Higher money market rates sparked a run on Northern Rock Plc in September, the first on a U.K. bank in more than a century. The Financial Services Authority, the regulator overseeing the possible sale of the mortgage lender, said on Dec. 5 that mortgage lenders should brace for tighter credit conditions.

Votes for Cut

While two policy makers voted for a cut last month, King, Rachel Lomax, Charles Bean and Andrew Sentance expressed concern that inflation in the past month after crude oil reached a record $99.29 on Nov. 21 and food prices rose.

Consumers anticipate the inflation rate to rise to 2.8 percent, a survey by YouGov Plc showed last month, the most since the poll was first conducted two years ago. The Bank of England's inflation target is 2 percent.

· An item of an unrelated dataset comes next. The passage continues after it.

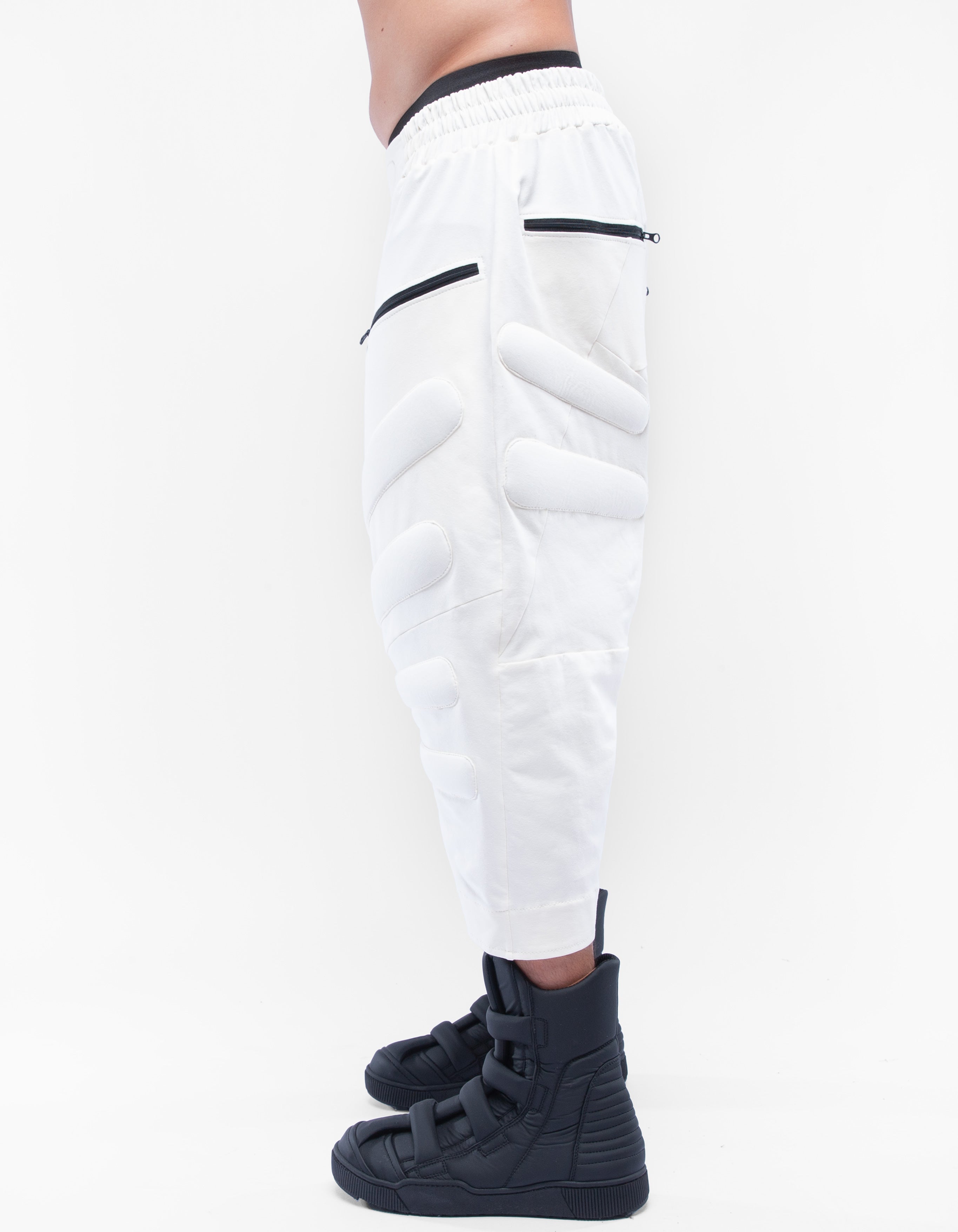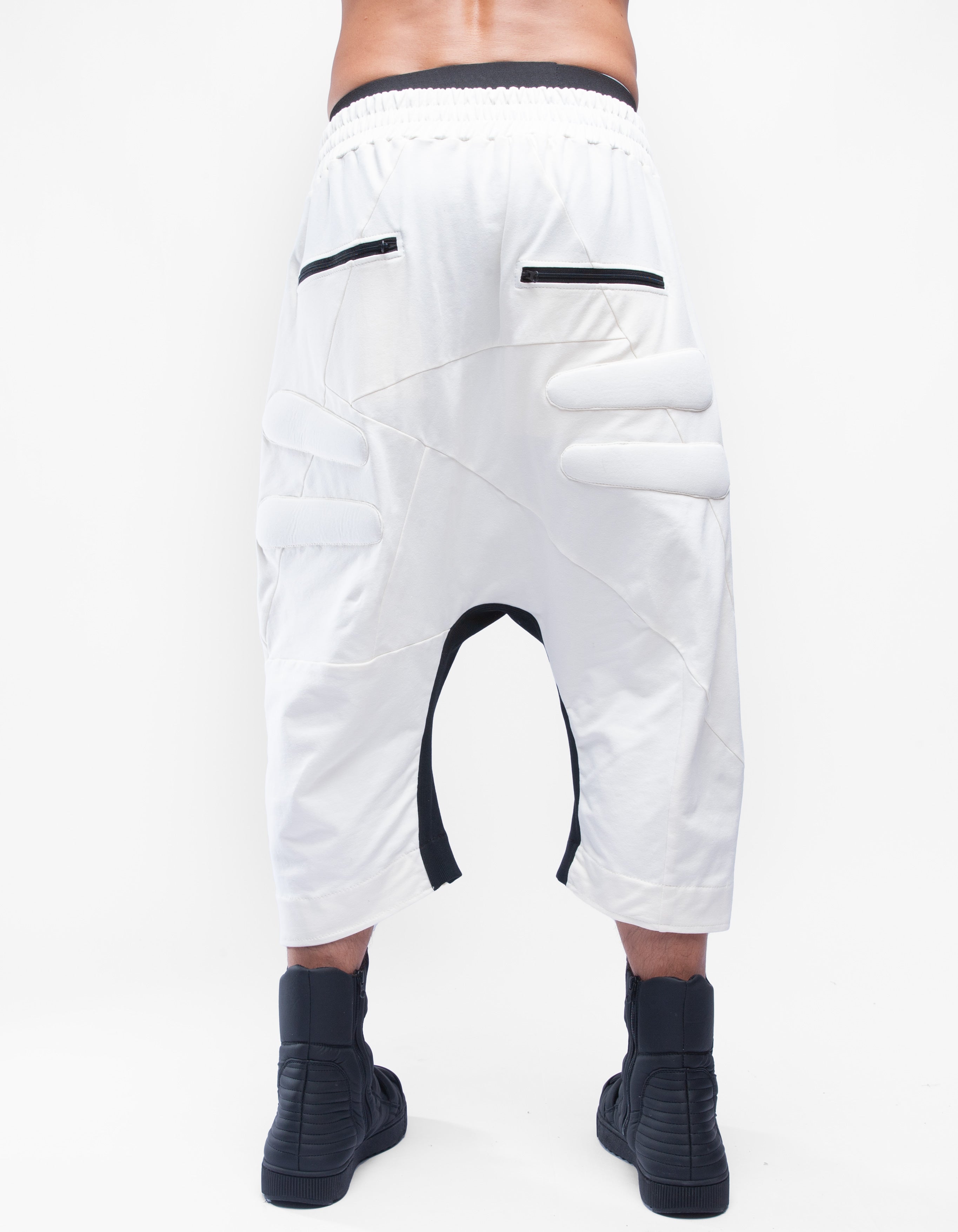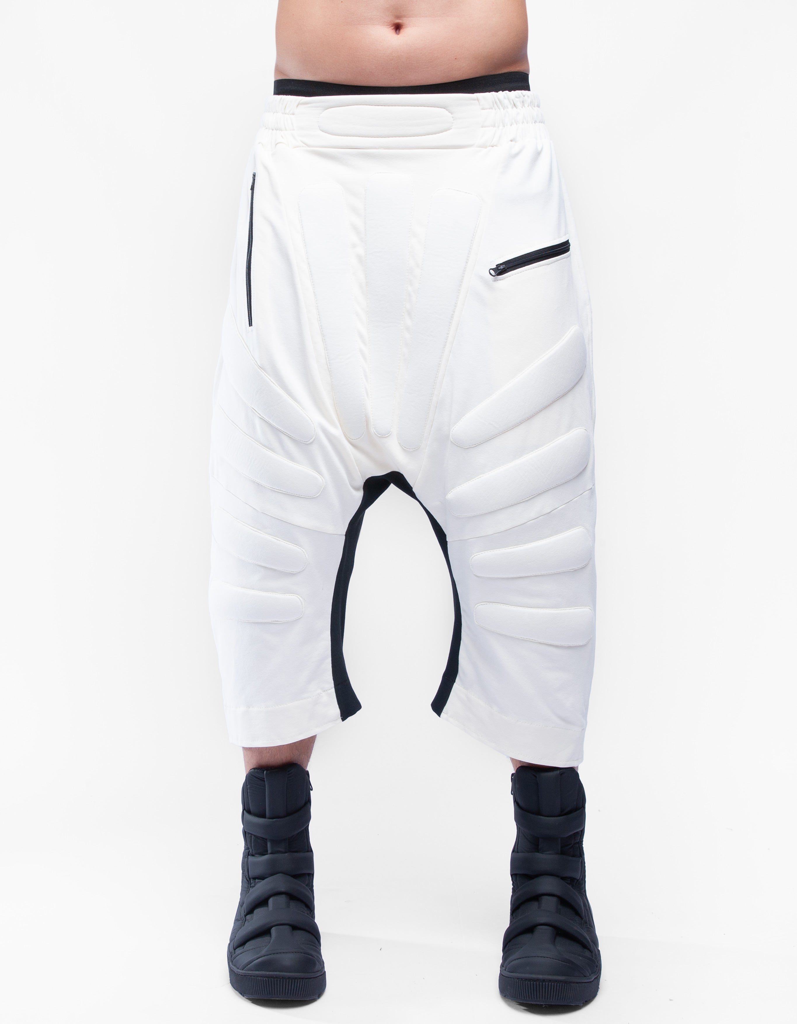 zipped pockets, elastic belt

Barclays Capital and nine other banks and research groups changed their forecasts yesterday to predict a rate cut after evidence that higher lending rates are starting to affect the wider economy.

Service industries from banks to airlines grew at the slowest pace since May 2003, according to a survey of purchasing managers by the Chartered Institute of Purchasing and Supply. The figures cover two-fifths of the economy.

Mortgage rates are also rising even though the bank's benchmark rate has been unchanged for the past five months. HBOS Plc said house prices fell for a third month in November, the worst streak for property values since 1995, suggesting the decade-long housing boom is coming to an end.